▶ [EXERCISE GOAL]: Each line of the records is to be returned verbatim, with the images omitted.

Stored entries
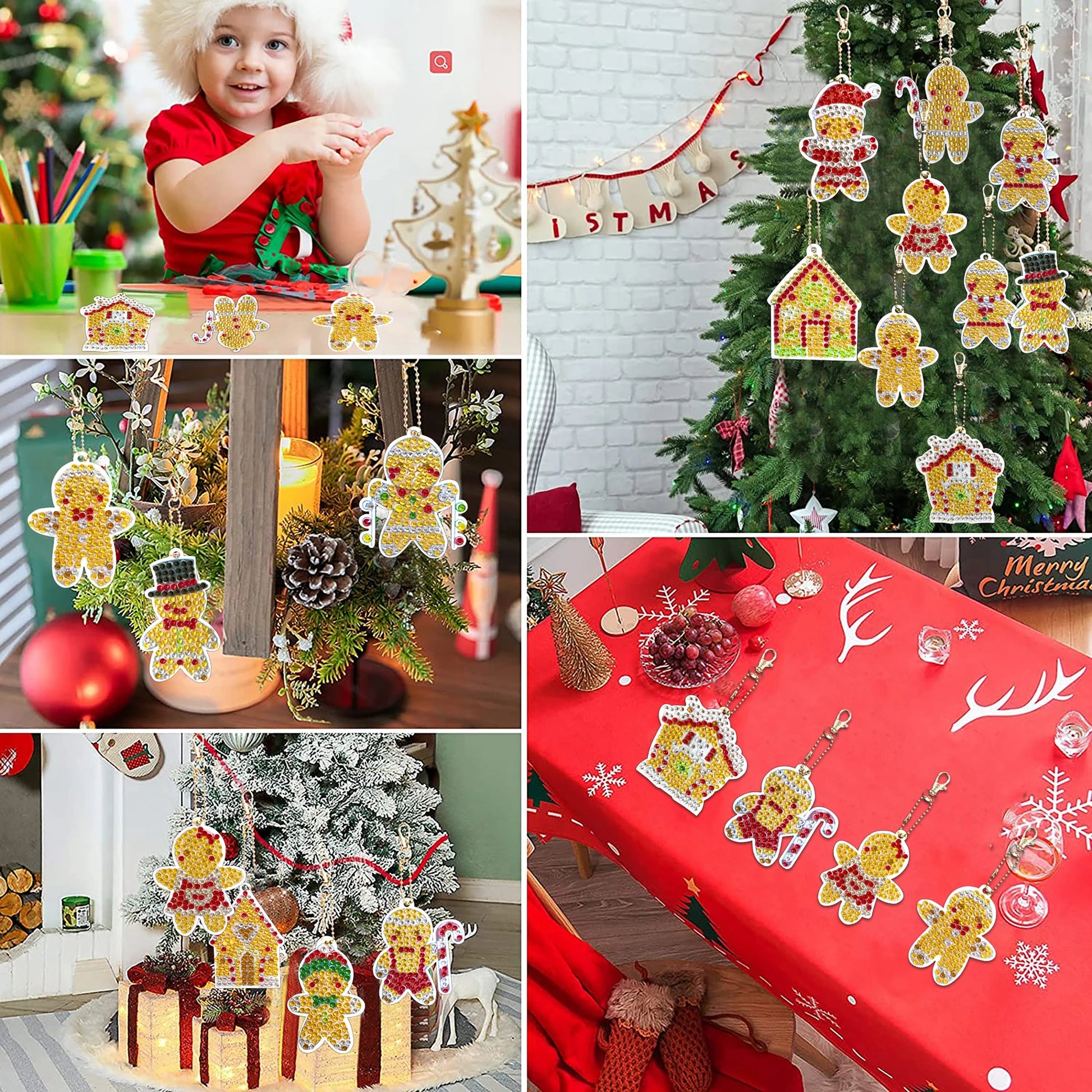 Diamond Painting Kerst Sleutelhangers - 12 Stuks - Gingerbread
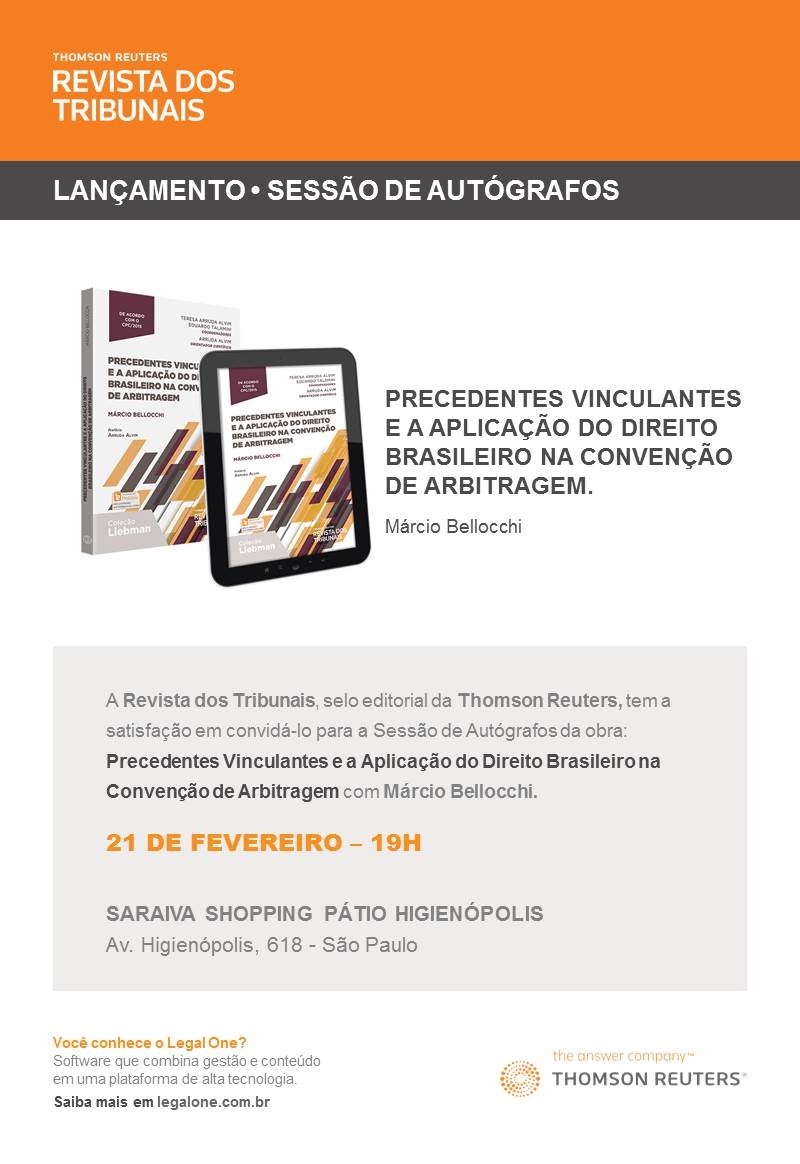 Será lançado, no próximo dia 21, o livro "Precedentes Vinculantes e a Aplicação do Direito Brasileiro na Convenção de Arbitragem" (Thomson Reuters - Revista dos Tribunais), de Márcio Bellocchi. O evento será em SP, na Livraria Saraiva do Shopping Pátio Higienópolis, às 19h. (Clique aqui)
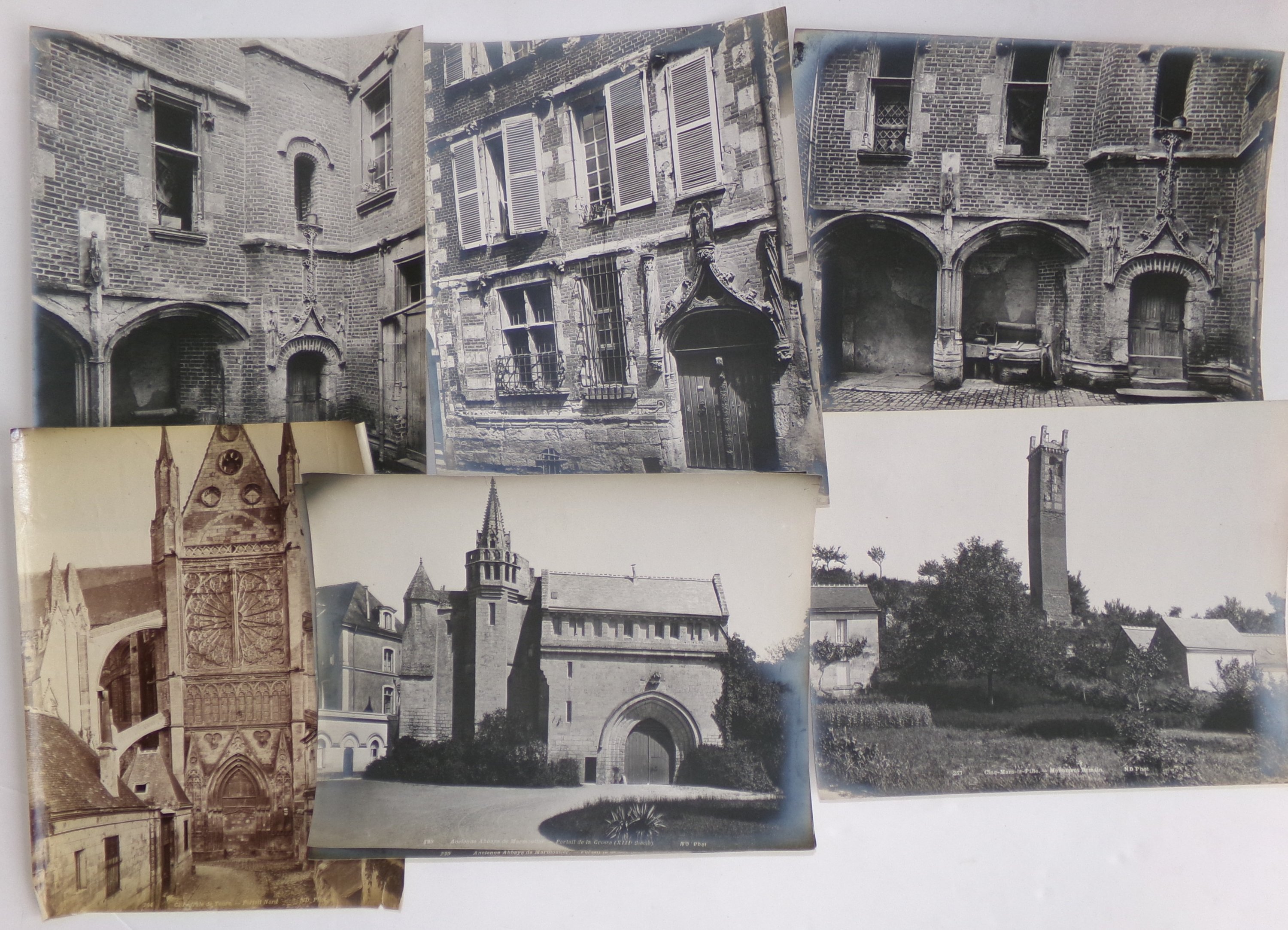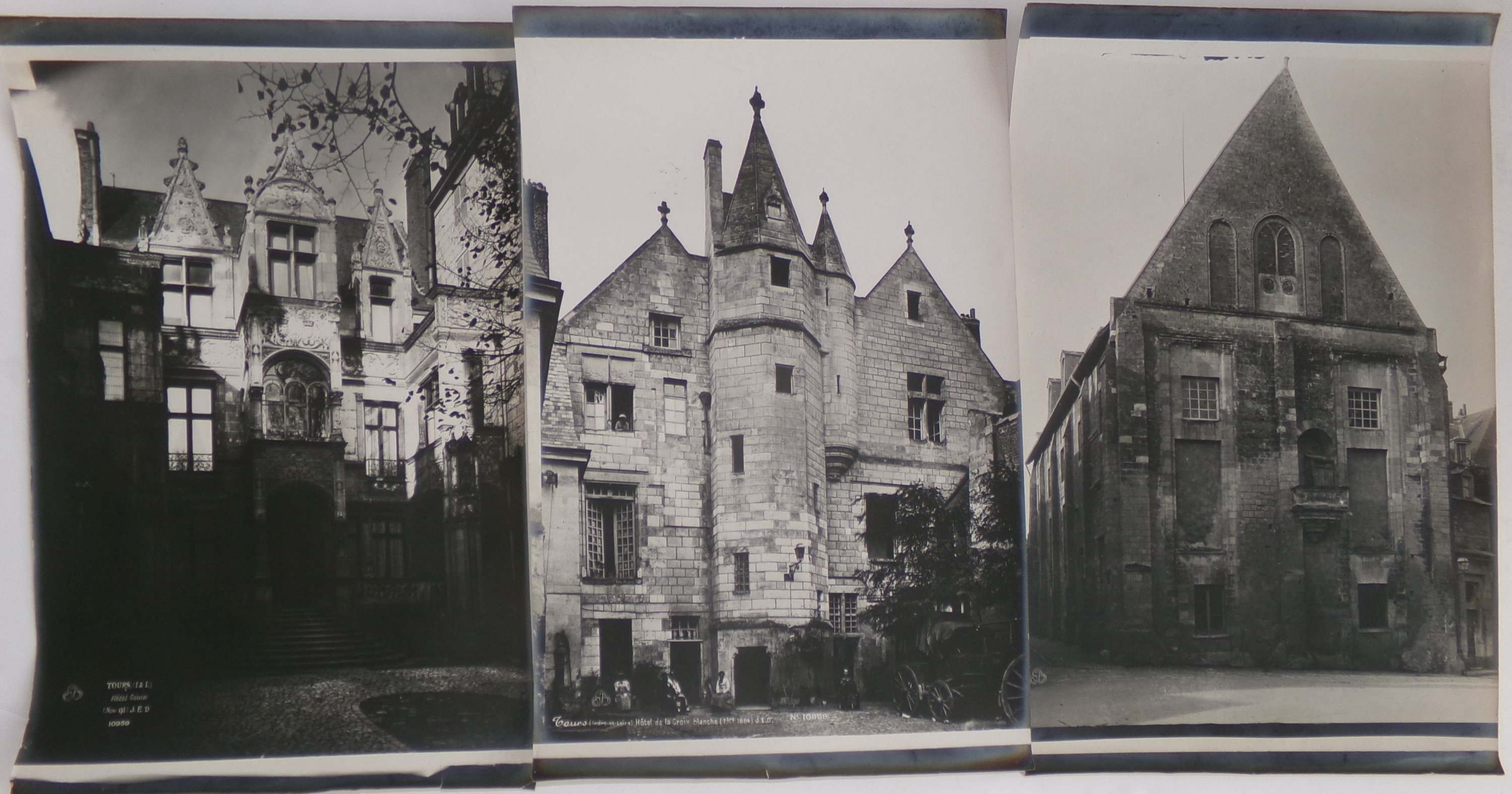 • + de 270 clichés photographiques et cartes postales, vues de monuments (églises, rues, châteaux), éléments d’architecture civils et religieux, paysages, en majorité de Touraine, vers 1890-1910 dont 8 photos du château de Clos-Saint-Victor ou de Maucannière à Joué-lès-Tours, vers 1900 ; 6 vues de Vouvray (gare des tramways, hôtel restaurant Bonneau ; prieuré Saint Léonard à l’Ile-Bouchard ; Hôtel de la Croix Blanche, Hôtel Gouin, cathédrale Saint Gatien, tour de l’horloge à Tours ; Château de l’Olivier à Rochecorbon ; Chapelle funéraire à Bléré ; fontaine Lebon à Bourges ; temple protestant de Saumur ;
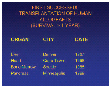 Using the triple-drug immunosuppression, my original objective of human liver transplant was finally accomplished in 1967, ten years after the first steps were taken in dogs. This was followed by the first successful heart transplants in 1968, and in 1969 by the first 1-year survival after pancreas transplant—all with the 3-drug strategy (Figure 23).
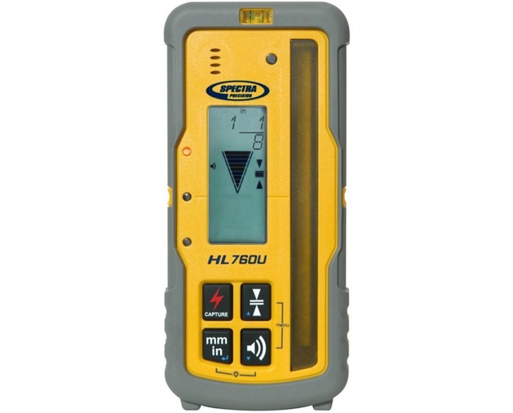 Featuring a digital readout of elevation and fingerprint functionality, the Spectra Universal HL760U Digital Readout Receiver provides fast grade checking and accurate laser readings. It has a working radius of up to 1,500 feet and includes all the functions of the HL750 with the addition of grade matching and PlaneLok capabilities that reduce connection errors and conflicts on the job site. It differs from the HL760 in that it is compatible with red and green beam rotating lasers.
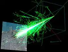 دش في الهواء واسع النطاق (عدة كيلومترات واسعة) سلسلة من الجزيئات المتأينة والإشعاعات الكهرومغناطيسية التي تنتج في الجو عندما الأشعة الكونية (أي واحد من أصل خارج الأرض) يدخل الغلاف الجوي.[1][2] تتالي المدى يعني أن الجسيمات الحادثة، التي يمكن أن تكون البروتون، وهو نواة، إلكترون، فوتون، أو (نادرا) البوزيترون، يضرب نواة الذرة في الهواء وذلك لإنتاج العديد من الهادرونات حيوية. اضمحلال الهادرونات غير مستقرة في الهواء بسرعة إلى جسيمات أخرى والإشعاع الكهرومغناطيسي، والتي هي جزء من مكونات دش. الإشعاع الثانوي الأمطار باستمرار، بما في ذلك الأشعة السينية، الميونات، والبروتونات، البروتون المضاد، جسيمات ألفا، pions، الإلكترونات، البوزيترونات، والنيوترونات.
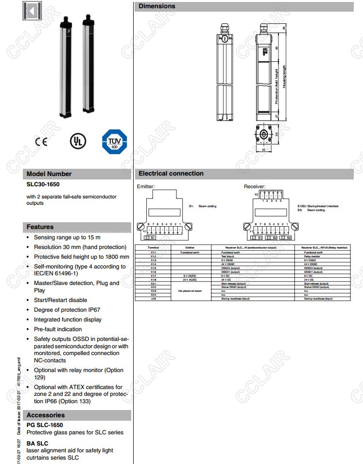 SLC30-150/31,SLC30-1500,SLC30-1500-S,SLC30-1500/31,SLC30-1650,SLC30-1650-S,安全光柵
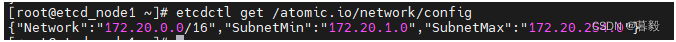 etcdctl mk /atomic.io/network/config '{"Network":"172.20.0.0/16","SubnetMin":"172.20.1.0","SubnetMax":"172.20.254.0"}'
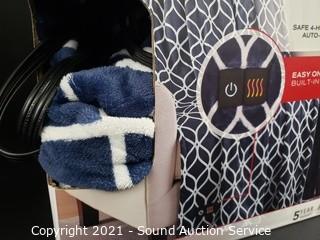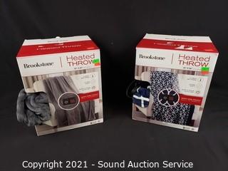 Lot #0061: 2 Brookstone Grey & Blue/Wht Plush Heated Throws
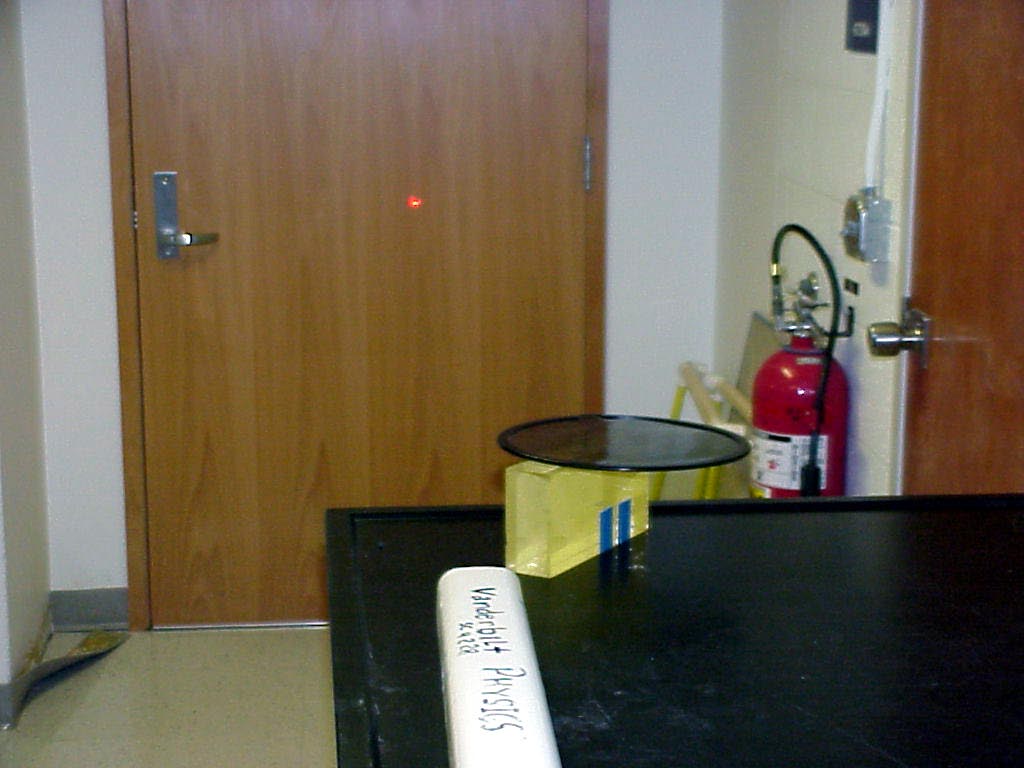 One now slides the block over to intercept the laser beam on the front face of the block. This results in a reflected beam angling over to the wall behind the table on the right in the photo. The second photo shows this state of affairs, for the laser beam striking the block,
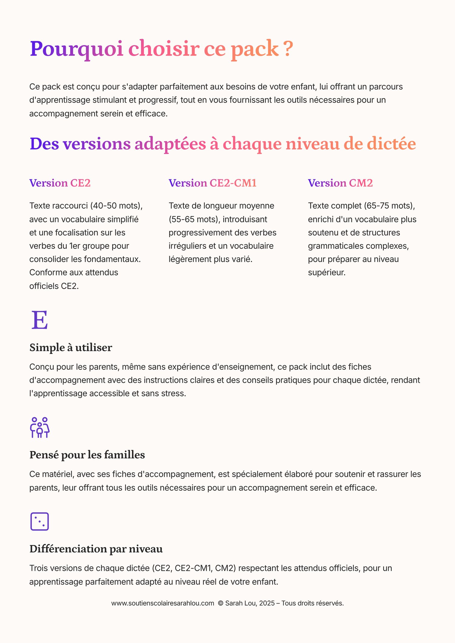 ✅ 5 dictées différenciées, chacune en 3 niveaux de difficulté (facile / moyen / expert) + exercices de conjugaison
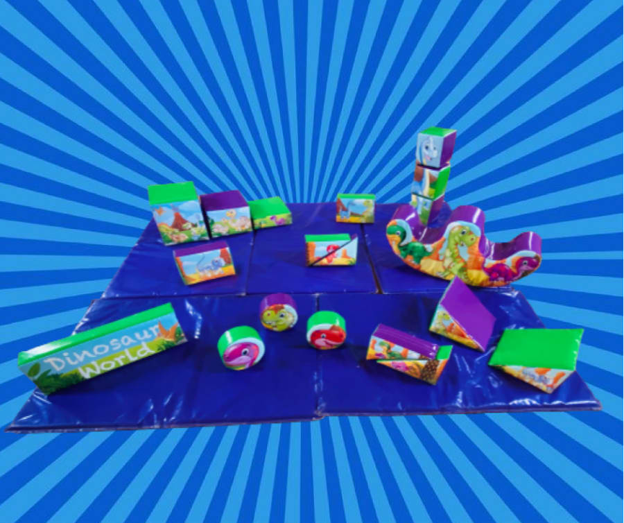 The dinosaur soft play hire includes a 17 piece set of glossy foam shapes with a double rocker. Safety mats are included with each soft play hire. These mats are designed to protect children from falls and ensure they stay safe while playing. Our soft play is suitable for ages 0 to 4
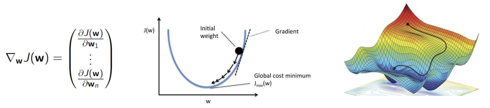 - 이 벡터는 각 파라미터 w_i에 대해 미분값을 가지며, 기울기의 방향이 곧 함수가 가장 빠르게 증가하는 방향이 됨.

▶ [EXPECTED ANSWER]:
 Diamond Painting Kerst Sleutelhangers - 12 Stuks - Gingerbread
 Será lançado, no próximo dia 21, o livro "Precedentes Vinculantes e a Aplicação do Direito Brasileiro na Convenção de Arbitragem" (Thomson Reuters - Revista dos Tribunais), de Márcio Bellocchi. O evento será em SP, na Livraria Saraiva do Shopping Pátio Higienópolis, às 19h. (Clique aqui)
 • + de 270 clichés photographiques et cartes postales, vues de monuments (églises, rues, châteaux), éléments d’architecture civils et religieux, paysages, en majorité de Touraine, vers 1890-1910 dont 8 photos du château de Clos-Saint-Victor ou de Maucannière à Joué-lès-Tours, vers 1900 ; 6 vues de Vouvray (gare des tramways, hôtel restaurant Bonneau ; prieuré Saint Léonard à l’Ile-Bouchard ; Hôtel de la Croix Blanche, Hôtel Gouin, cathédrale Saint Gatien, tour de l’horloge à Tours ; Château de l’Olivier à Rochecorbon ; Chapelle funéraire à Bléré ; fontaine Lebon à Bourges ; temple protestant de Saumur ;
 Using the triple-drug immunosuppression, my original objective of human liver transplant was finally accomplished in 1967, ten years after the first steps were taken in dogs. This was followed by the first successful heart transplants in 1968, and in 1969 by the first 1-year survival after pancreas transplant—all with the 3-drug strategy (Figure 23).
 Featuring a digital readout of elevation and fingerprint functionality, the Spectra Universal HL760U Digital Readout Receiver provides fast grade checking and accurate laser readings. It has a working radius of up to 1,500 feet and includes all the functions of the HL750 with the addition of grade matching and PlaneLok capabilities that reduce connection errors and conflicts on the job site. It differs from the HL760 in that it is compatible with red and green beam rotating lasers.
 دش في الهواء واسع النطاق (عدة كيلومترات واسعة) سلسلة من الجزيئات المتأينة والإشعاعات الكهرومغناطيسية التي تنتج في الجو عندما الأشعة الكونية (أي واحد من أصل خارج الأرض) يدخل الغلاف الجوي.[1][2] تتالي المدى يعني أن الجسيمات الحادثة، التي يمكن أن تكون البروتون، وهو نواة، إلكترون، فوتون، أو (نادرا) البوزيترون، يضرب نواة الذرة في الهواء وذلك لإنتاج العديد من الهادرونات حيوية. اضمحلال الهادرونات غير مستقرة في الهواء بسرعة إلى جسيمات أخرى والإشعاع الكهرومغناطيسي، والتي هي جزء من مكونات دش. الإشعاع الثانوي الأمطار باستمرار، بما في ذلك الأشعة السينية، الميونات، والبروتونات، البروتون المضاد، جسيمات ألفا، pions، الإلكترونات، البوزيترونات، والنيوترونات.
 SLC30-150/31,SLC30-1500,SLC30-1500-S,SLC30-1500/31,SLC30-1650,SLC30-1650-S,安全光柵
 etcdctl mk /atomic.io/network/config '{"Network":"172.20.0.0/16","SubnetMin":"172.20.1.0","SubnetMax":"172.20.254.0"}'
 Lot #0061: 2 Brookstone Grey & Blue/Wht Plush Heated Throws
 One now slides the block over to intercept the laser beam on the front face of the block. This results in a reflected beam angling over to the wall behind the table on the right in the photo. The second photo shows this state of affairs, for the laser beam striking the block,
 ✅ 5 dictées différenciées, chacune en 3 niveaux de difficulté (facile / moyen / expert) + exercices de conjugaison
 The dinosaur soft play hire includes a 17 piece set of glossy foam shapes with a double rocker. Safety mats are included with each soft play hire. These mats are designed to protect children from falls and ensure they stay safe while playing. Our soft play is suitable for ages 0 to 4
 - 이 벡터는 각 파라미터 w_i에 대해 미분값을 가지며, 기울기의 방향이 곧 함수가 가장 빠르게 증가하는 방향이 됨.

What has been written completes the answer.